Recuerdo otros regalos como La carta de Atenas del arquitecto Le Corbusier. Sí, el urbanismo si hubiera seguido las sendas creativas de un genio como Oscar Niemeyer no nos asolaría la desolación caótica en la que nos estamos malmuriendo como mónadas agrupadas en un vacío existencial solipsista y enfermizo. No puedo comprender a los humildes inmigrantes cuando sueñan con emigrar a nuestro mediocre y corrupto país creyendo que podrán encontrar una vida laboral hermosa en un país moderno: ¡qué cruel ha de ser su encontronazo con la horrible realidad!

Dos años después de aquellos pequeños regalos Ramón nos invitó a pasar unas semanas en el apartamento en el que vivía en Salou. Era el tiempo en el que él trabajaba para ATISAE inspeccionando las obras del gaseoducto del Ebro. En aquel verano paseando por Tarragona nos dimos una vuelta por la Feria del Libro. Recuerdo que me regaló varios libros: una bellísima edición de El Quijote de Cervantes. Estaba ilustrada por el artista francés Gustave Dorè; y un libro prohibido en los Bastardos Hundidos de Norteabélica. Éste último estaba escrito por el lingüista y activista político Noam Chomsky y se titulaba Baños de sangre. Iba sobre la carnicería imperialista yanqui en Vietnam. ¡Cómo no iba a comentar con él después esos enormes regalos!
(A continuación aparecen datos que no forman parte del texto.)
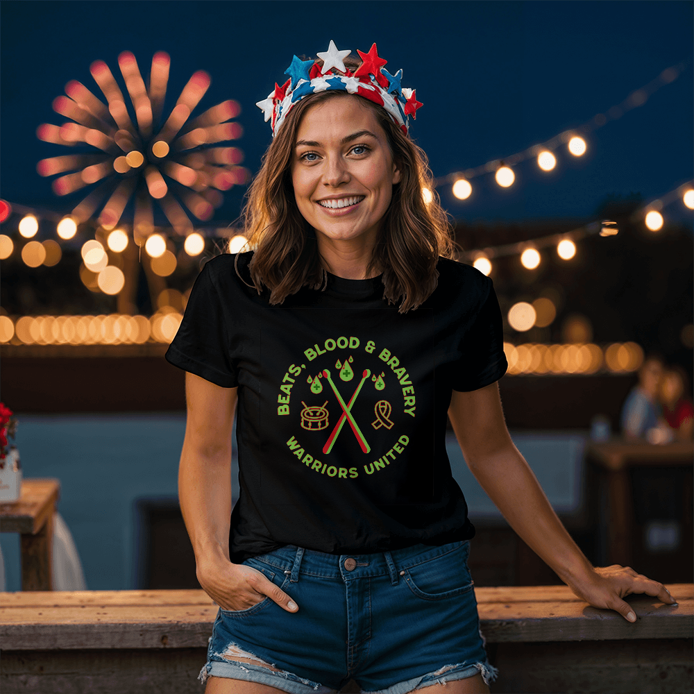 Beats, Blood & Bravery T-Shirt is more than a T-shirt — it shows the symbols of strength for drummers, fighters, and chronic kidney disease warriors, this T-shirt carries the pulse of resilience. With every stitch, it honors your rhythm and your bravery. Whether you’re on the stage, in recovery, or showing support — wear it with pride warriors and keep the pulse going.

Tenía una idea de la formación muy al modo del poeta político cubano José Martí. Sabía unir lo práctico con lo teórico. Desde muy pronto nos ofreció la posibilidad de compatibilizar nuestras vacaciones con el trabajo industrial mejorando nuestra formación científica y técnica. Como regalos siempre tomé la presentación de sus amistades en Linares, Andújar, Alcaudete, Salobreña o Motril. Entrar con él en las fábricas era como pasar por una especie de arco del triunfo donde su amable sonrisa y sabia ironía las usaba para sembrar de amigos su dichosa existencia.

No dejaría de hacerme regalos en toda su vida. Pero el mejor de todos –sin duda– fue su generosa existencia.